During one of his trips to Poland, Perlman went to the Jewish Historical Institute in Warsaw and found the last official record of his great-uncle’s life.

“This may sound banal – it was a 1939 telephone directory that had his name, home number and street address.” Perlman then tracked down the address, “and I became the first member of my family to step on the spot that used to house my father’s uncle before he was taken away.  So when I needed a character [during a scene in prewar Warsaw], I decided to give that character my great-uncle’s name.”

While the Holocaust forms the heart of this book, Perlman points out it’s not just a Holocaust novel.

“It’s also a story about civil rights, it’s partly a love story. It’s a story about history and memory and social justice, resistance, courage and unexpected kindness.”

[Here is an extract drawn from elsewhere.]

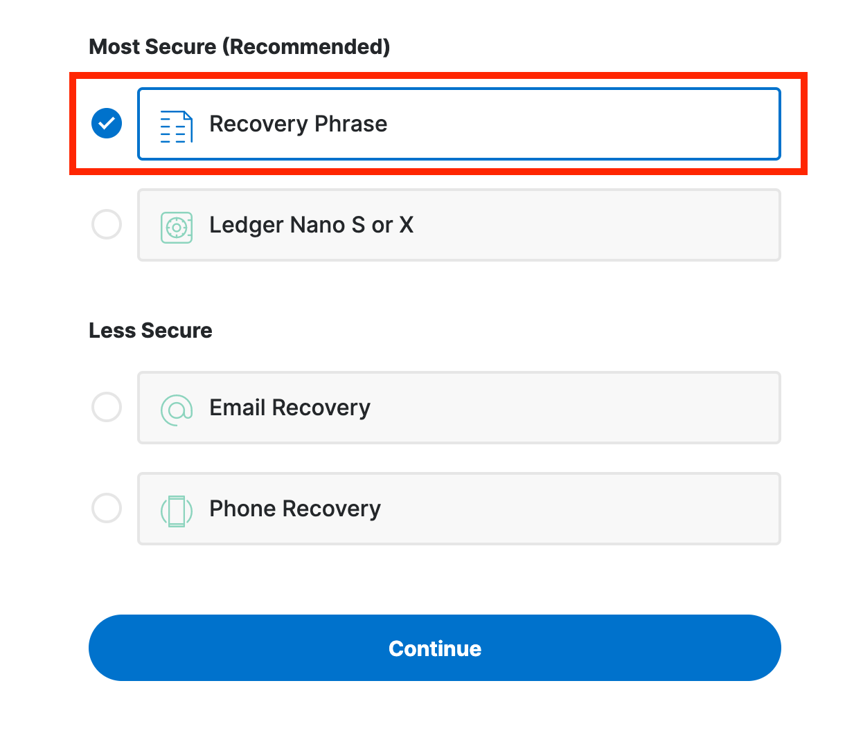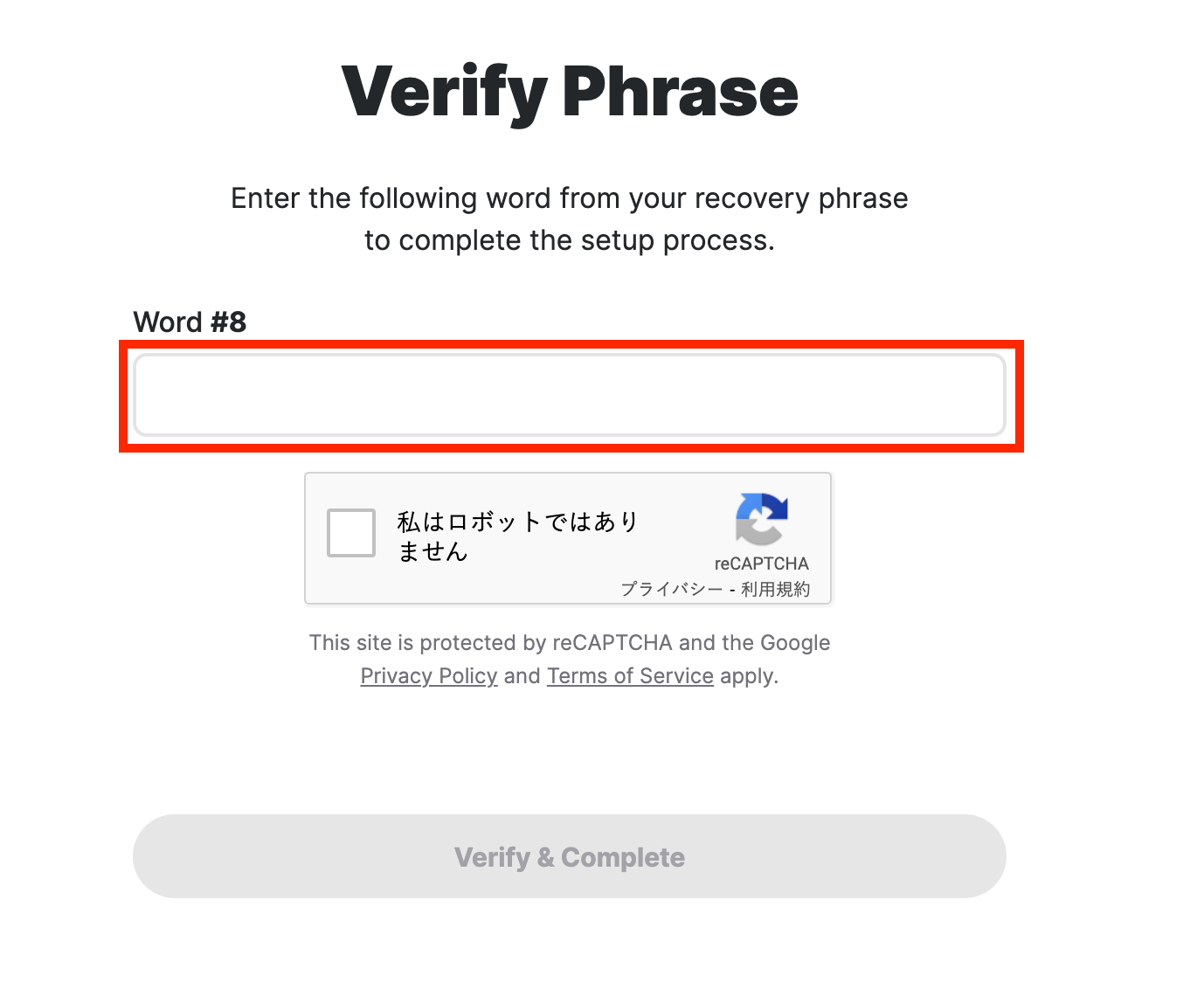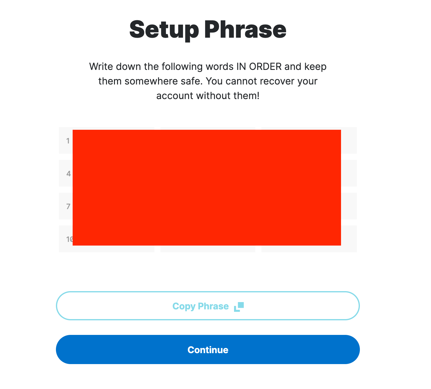 このRecovery Phraseは必ず無くさないように保存しておきましょう。

The narrative does not follow a linear, chronological path and jumps around, sometimes on the same page, between continents, characters and eras.  This may jar some readers.

 A paragraph that takes place in the Warsaw Ghetto may be followed by a paragraph set in a Jewish deli in postwar Chicago or a bar in present-day Hell’s Kitchen.

This, and The Street Sweeper’s occasional historical digressions, do not take away from its literary merit. It is layered with overlapping plot lines, powerful themes, moving descriptions and enduring characters. A very inspiring read.